The "obvious" answer is to use the line-height CSS rule, but this code (where I do use that):
private void GenerateSection7()
{
var headerFirstPart = new Label
{
CssClass = "finaff-webform-field-label",
Text = "<h2><strong>Section 7: Submit Information </strong></h2>"
};
headerFirstPart.Style.Add("display", "inline-block");
headerFirstPart.Style.Add("white-space", "pre");
headerFirstPart.Style.Add("line-height", "20%");
var headerSecondPart = new Label
{
CssClass = "finaff-webform-field-label",
Text = " (This payment is subject to post audit review by Financial Affairs)"
};
headerSecondPart.Style.Add("display", "inline-block");
headerFirstPart.Style.Add("line-height", "20%");
this.Controls.Add(headerFirstPart);
this.Controls.Add(headerSecondPart);
var submissionInstructions = new Label
{
CssClass = "finaff-webform-field-label",
Text = "<h4>Submit completed and approved form to Mail stop: FAST/AP Office</h4>"
};
this.Controls.Add(submissionInstructions);
}
...produces this result:
As you can see, the Cumberland gap could fit between these two lines. I started with 80% and kept reducing the percentage, but it makes no difference - 20% is no better than 50% (which was no better than 80%).
How can I cinch up the "play" between the lines?
Spurred on by oriol and quinnuendo, I changed my code to this:
private void GenerateSection7()
{
var headerFirstPart = new Label
{
CssClass = "finaff-webform-field-label",
Text = "<h2><strong>Section 7: Submit Information </strong></h2>"
};
headerFirstPart.Style.Add("display", "inline-block");
headerFirstPart.Style.Add("white-space", "pre");
//headerFirstPart.Style.Add("line-height", "20%");
headerFirstPart.Style.Add("margin", "0");
var headerSecondPart = new Label
{
CssClass = "finaff-webform-field-label",
Text = " (This payment is subject to post audit review by Financial Affairs)"
};
headerSecondPart.Style.Add("display", "inline-block");
//headerSecondPart.Style.Add("line-height", "20%");
headerFirstPart.Style.Add("margin", "0");
this.Controls.Add(headerFirstPart);
this.Controls.Add(headerSecondPart);
var submissionInstructions = new Label
{
CssClass = "finaff-webform-field-label",
Text = "<h4>Submit completed and approved form to Mail stop: FAST/AP Office</h4>"
};
submissionInstructions.Style.Add("margin", "0");
this.Controls.Add(submissionInstructions);
}
...but it still generates exactly the same page (with the Grand Canyon between the last two lines preventing Evel Kneivel from safely traversing the expanse).
Note: I tried both "0" (as shown above) and "0px" as the margin values, and the results are identical either way.
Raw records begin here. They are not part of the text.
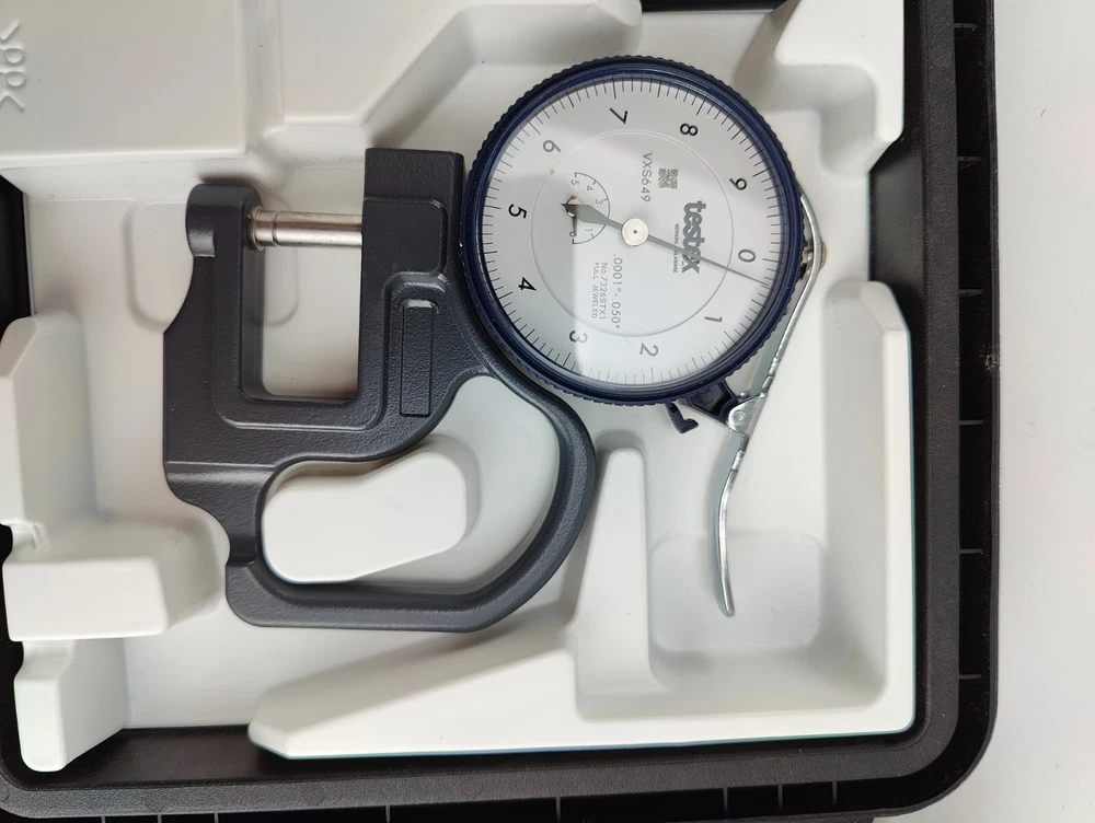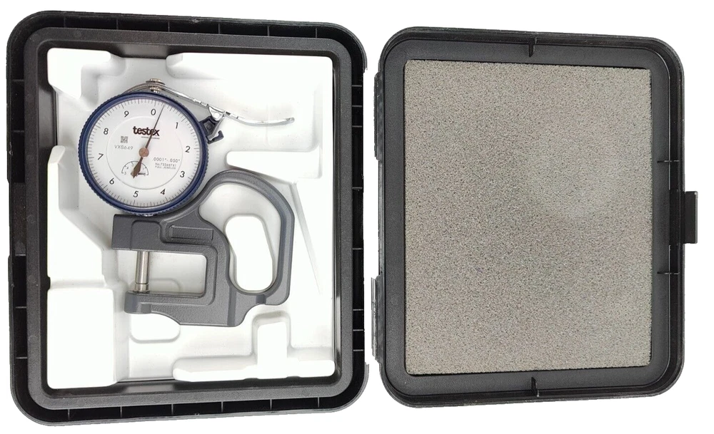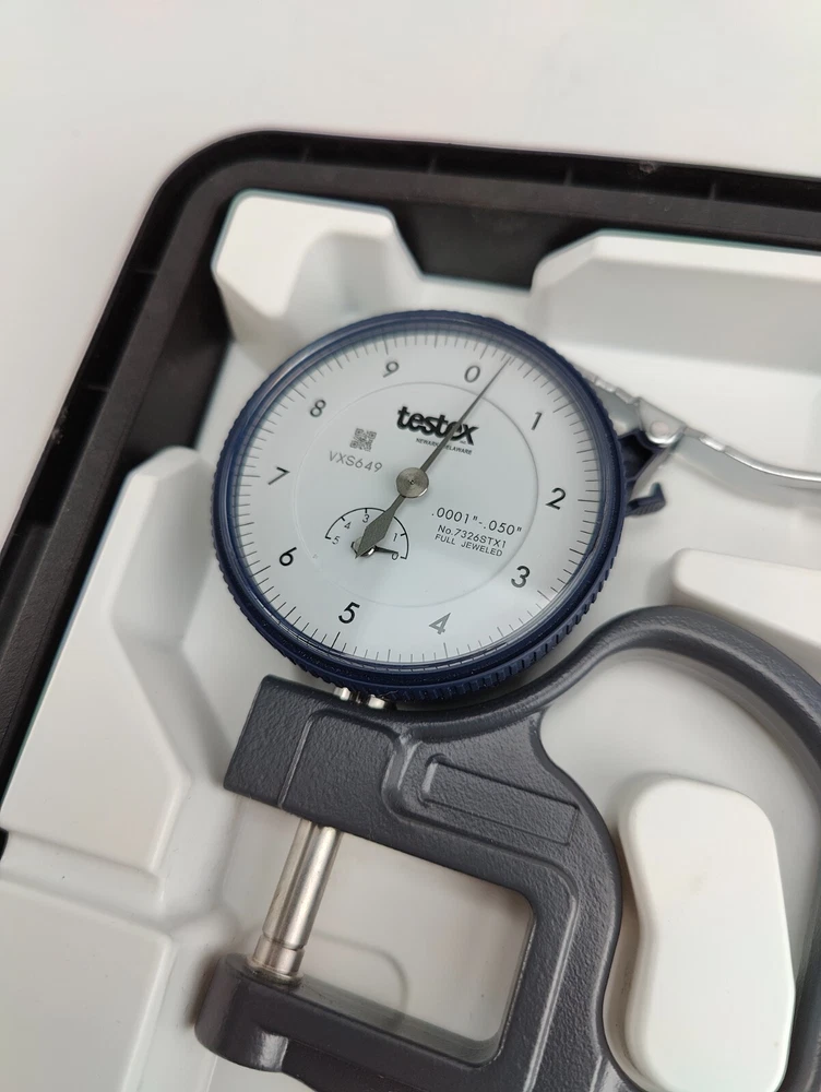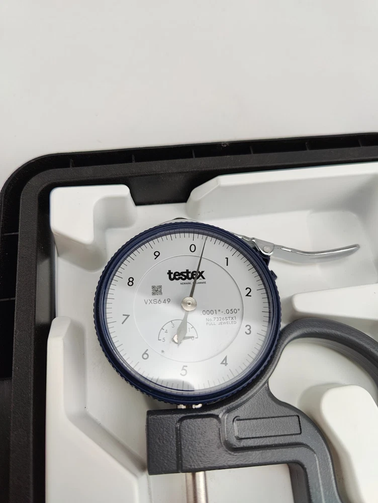 NEW Testex 7326STX1 Full Jeweled Dial Thickness Gauge Mechanical .0001-.050" This was not used in service, it was a back-up that was calibrated and put in the tool crib, there is writing on the case and they're is minor shelf wear on the tool itself from being handled, comes exactly as pictured in photos, please view carefully, price will be marked down accordingly "CALIBRATION EXPIRED IN 2024"
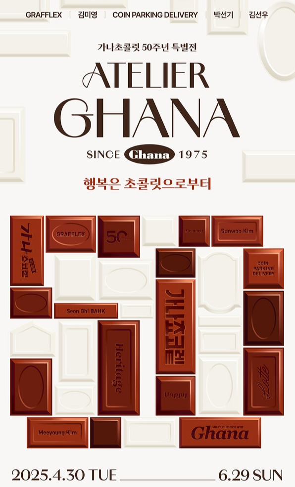 | 2025 서울 실내 전시 추천: 가나 초콜릿 50주년 아뜰리에 가나 오픈! (1) | 2025.03.28 |
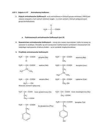 LCH 1 Zajęcia nr 47 Aminokwasy białkowe. 1. Pojęcie
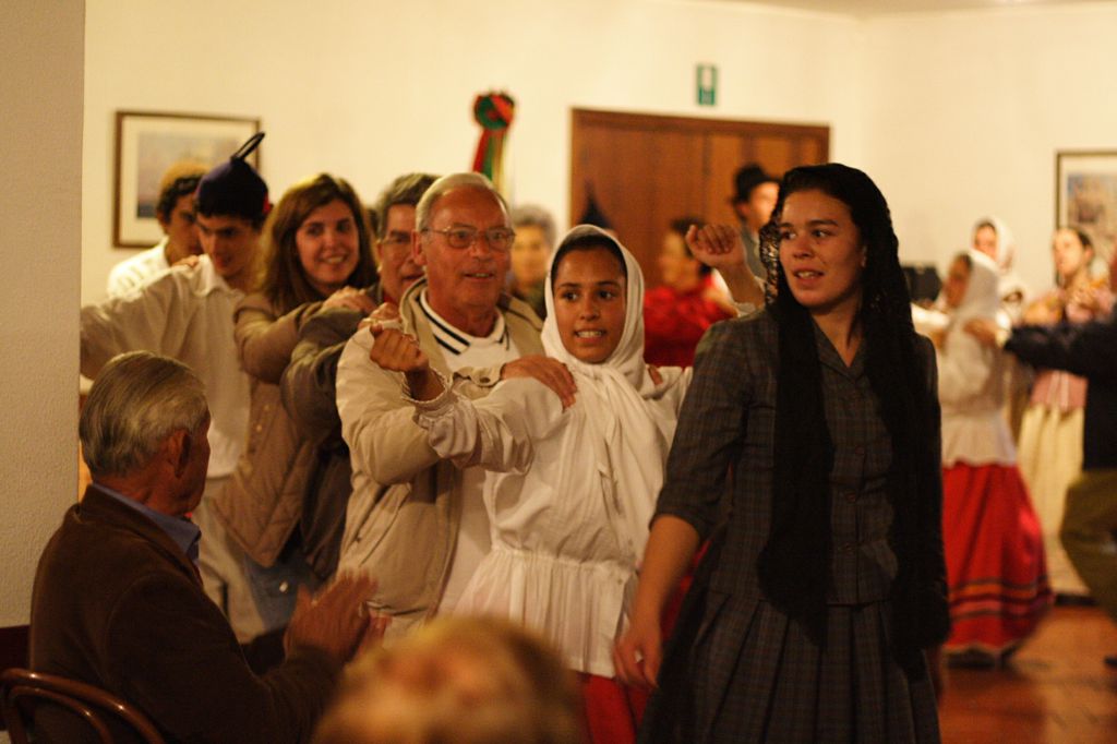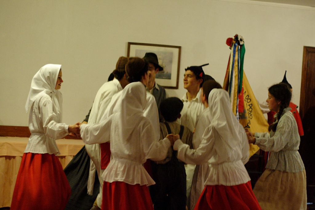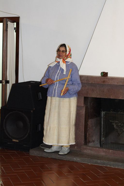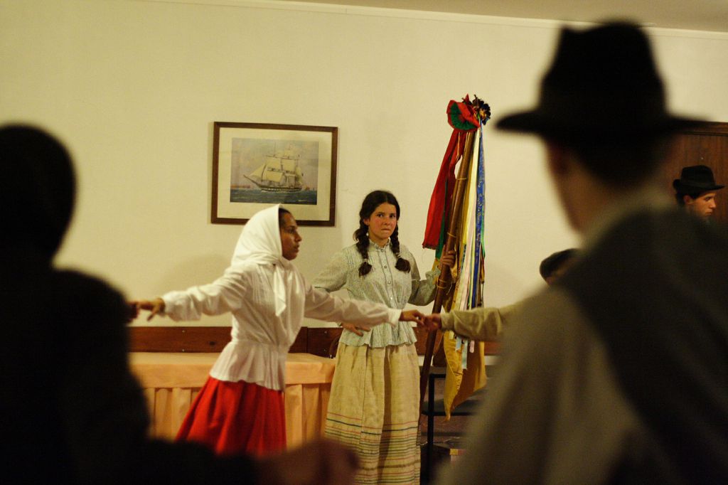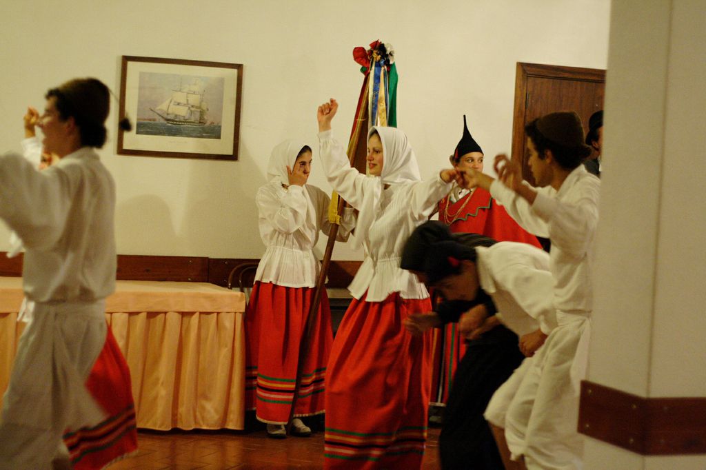 Rancho folclórico da casa do povo de Curral das Freiras actua no Inatel de Santo da Serra, na Madeira, numa sala apertada e com colunas no meio.
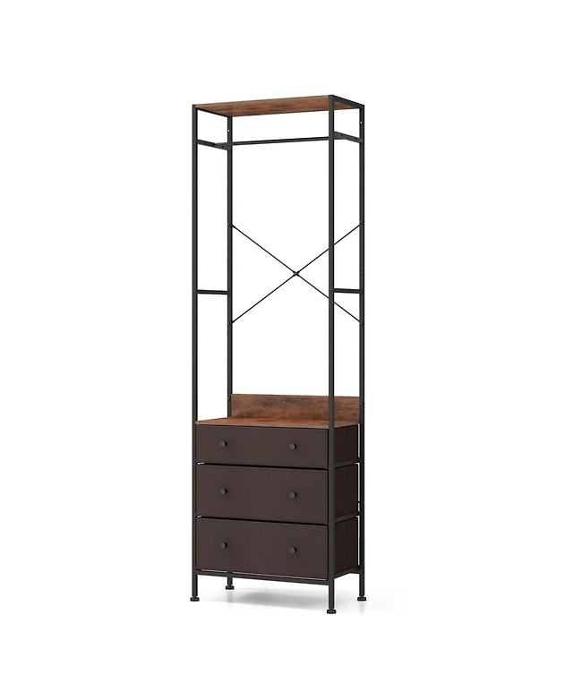 Unho Metal Clothes Rack with Wheels: Portable Garment Organizer with Storage Shelves

Line height is not the problem here. The problem is the space between the elements, which is controlled by the margin
properties.
These tend to be preset to some values that allow for "normal" text flow, so you will have space before and after a heading and around paragraphs for instance.
Headings have various amounts of margin-top
and margin-bottom
depending on the level of the heading (h2 will have more than an h4). For instance it is "1em" sometimes (the width of a capital M in the current font).
So you will want to reduce these, or set them to 0 directly and experiment from there. The margins need to be set for the actual headings (h4, h2, or whatever) not for the containing element, they will not inherit it. For initial experiments you can try to just apply everything directly in the code, something like <h4 style='margin:0px'> ....
. For a proper solution you would want to define actual CSS sheets for the particular case with introducing classes into the heading or in some surrounding div or an analogue.
In some cases you may also need to check out the padding
property to fully control the spacings.